Every time after you use it? or number of rounds?


----------



## 6.5 shooter dude (Jan 8, 2008)

Round count is when I clean mine. I also keep logs for each gun, and know when it's due, based on loss of accuracy.


----------



## 223AI (May 7, 2012)

Bolt guns I clean when accuracy drops off slightly. My 223 and 308, lately, have been around 400-500 rounds. My 6.5 creedmoor is a little longer for whatever reason. I do wipe/clean/relube my bolt and receiver almost every time I shoot. 
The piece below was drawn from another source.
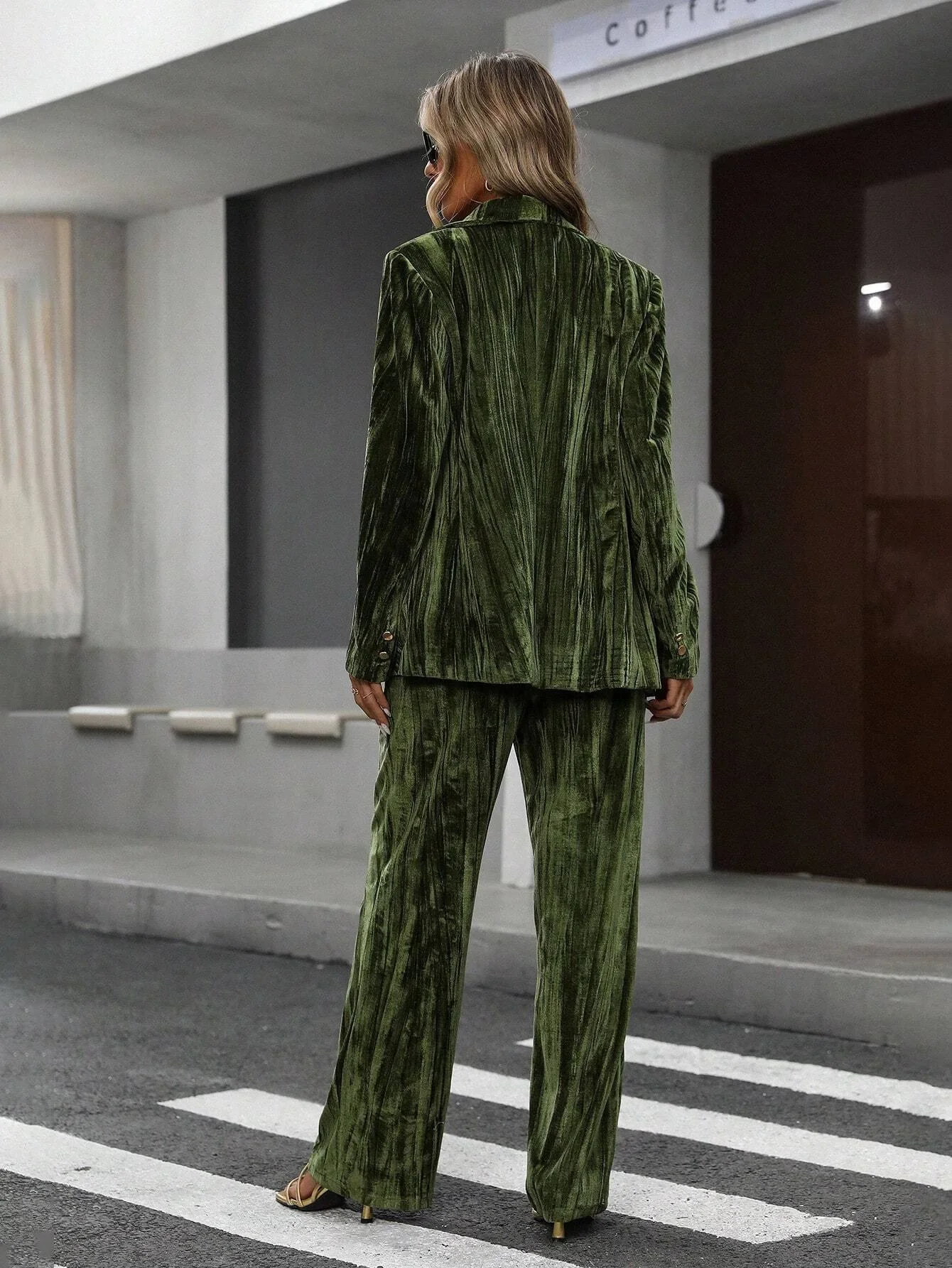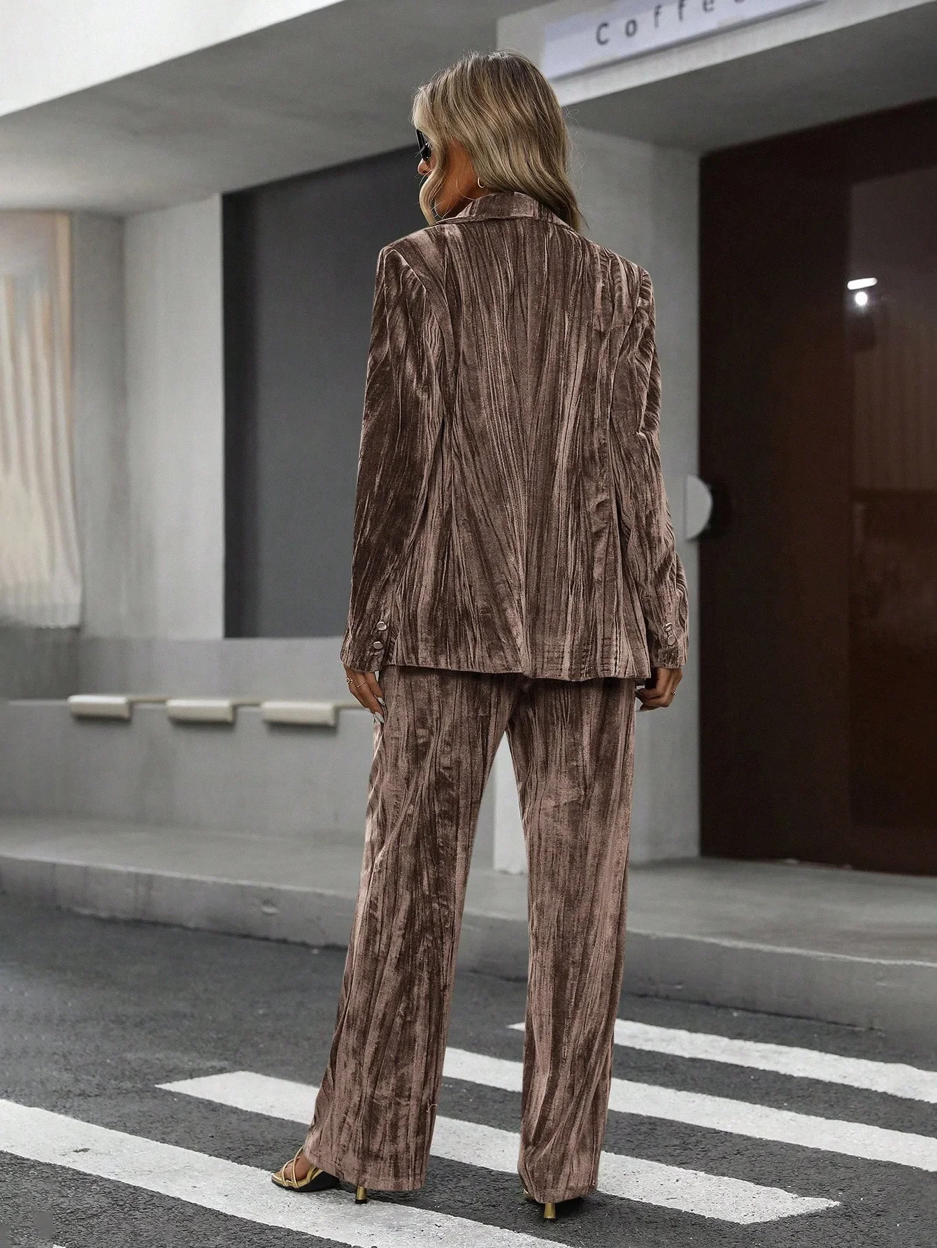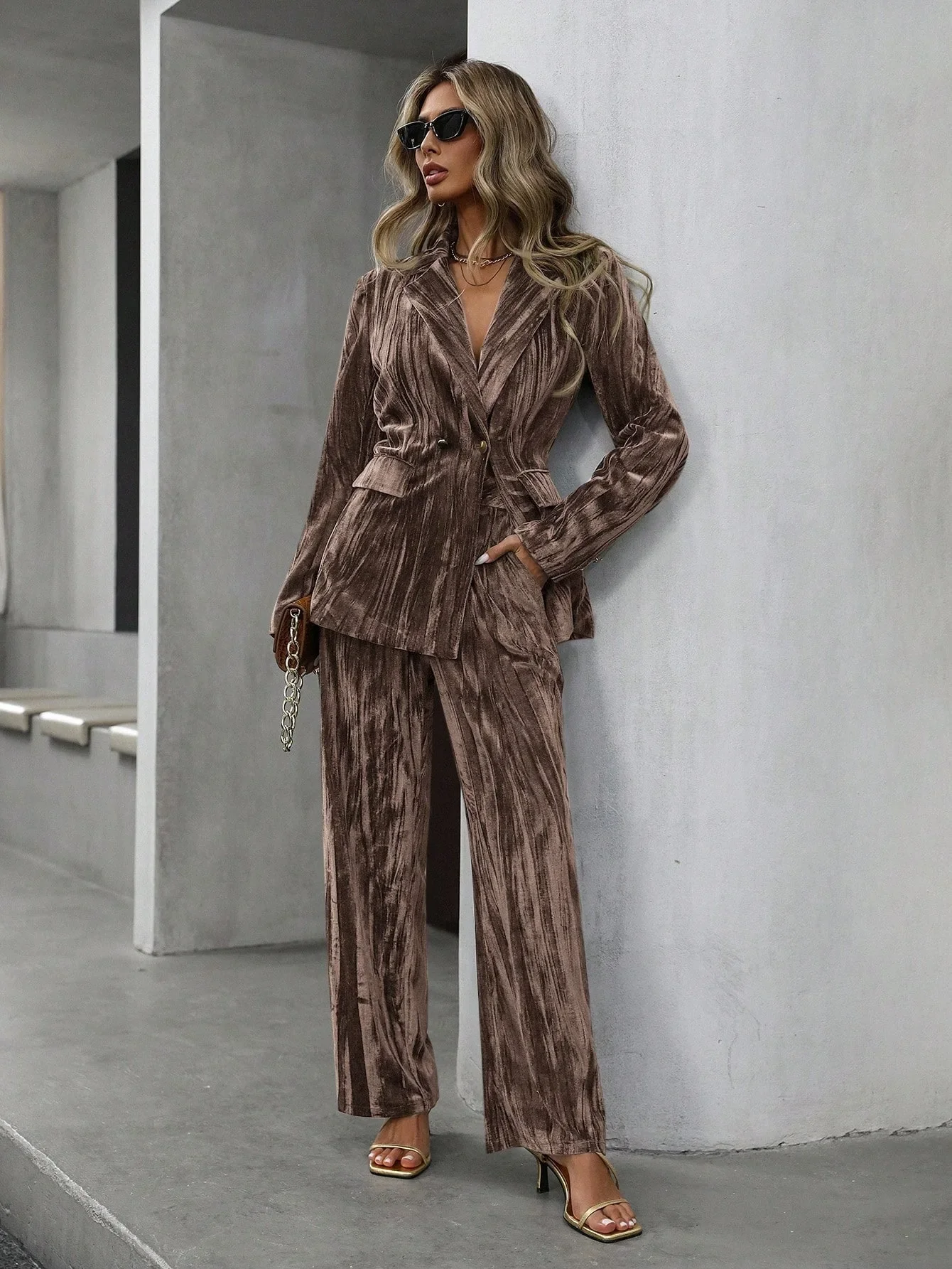 Suit Wide Leg Pants Two Piece Set Casual OL Top Long Pants Women's Ensemble Polyester Fiber Velvet Fabric

I clean my gas guns more often in an effort to keep reliability up. Truth be told, I am likely overcleaning my gassers.


----------



## peckerwood (Jun 9, 2012)

After every hunting or shooting outing.Never put up before I clean them.Maybe over-kill,but I kinda enjoy it.


----------



## boltmaster (Aug 16, 2011)

peckerwood said:


> After every hunting or shooting outing.Never put up before I clean them.Maybe over-kill,but I kinda enjoy it.


I do the same


----------



## Bocephus (May 30, 2008)

peckerwood said:


> After every hunting or shooting outing.Never put up before I clean them.Maybe over-kill,but I kinda enjoy it.


Me too...

I cleaned all of these a couple of weeks ago after a trip to the range. I never put them back in the safe without cleaning them. It may be overkill, but I enjoy it, and always know they're clean & ready when, or if I need them.


----------



## Bird (May 10, 2005)

I clean mine pretty much after every trip to the range. After a hunting trip they usually get a wipe down since I don't fire but 1 or 2 shots. Once or twice a year I'll pull them all out, clean, inspect and work the actions just because.


----------



## tec (Jul 20, 2007)

After reading how often you guys clean your guns I am embarrassed to say how long I go between cleanings. I will say I have never had a function problem because of it.


----------



## CHARLIE (Jun 2, 2004)

I shoot a round through the gun before hunting season. Then clean it after the season whether its 5 rounds or just the one.


----------



## Retired (May 12, 2014)

My rifles and handguns get cleaned after every outing, whether to the range or a hunt. My waterfowl shotguns, however, get a thorough cleaning only at the end of the season. The only exception is if I have any cycling issues, then I will clean before the season ends, and again at the end. However, I think I have only had to do one mid season cleaning on my SBE2, during it's first season a few years ago.


----------



## RB II (Feb 26, 2009)

Clean O/U shotguns after every use, Beretta semis get a bore swab and oiled on exterior regularly depending on it it got wet. Pistols after a good session at the range or 200 rounds or so. Hunting bolt guns way less, at most clean bore once per year. Range bolt guns after a couple good range sessions. Maybe 250 rounds. I wipe down/oil the exterior of all blued guns after every use.


----------



## Csafisher (Nov 16, 2010)

I wipe mine down every time they are used. Usually field strip pistols and gas guns. But I enjoy it... They prolly don't need it. I clean my rifle bores when they start to loose accuracy. And I usually run a bore snake down once if I don't give them a full scrub.


----------



## pudsquali (Nov 23, 2016)

*how often*

Usually after each range session


----------



## cajunautoxer (Aug 10, 2011)

Every couple thousand rounds

Sent from my SAMSUNG-SM-N920A using Tapatalk


----------



## muney pit (Mar 24, 2014)

Just keep in mind, crown damage is the cause of most " over cleaned guns". A brush a cloth patch isnt gonna do more wear than a copper bullet with 50,000+ psi forcing it down the barrel. But, jam a cheap steel cleaning rod muzzle first will.


----------



## Shooter (Jun 10, 2004)

All guns get wiped down before going back into the safe. AR's complete cleaning every 500 or so rounds. Bolt guns complete cleaning after season. Semi Auto pistols complete after about 100 rounds or so.


----------



## fish4food (Feb 11, 2011)

Not nearly enough. 

Rimfires- can't actually think of the last time I took one apart to clean. Probably going on several thousand rounds through 22lr and nearing a thousand rounds through my 22 mags. They are bolt actions and still shoot as good as when they were new. 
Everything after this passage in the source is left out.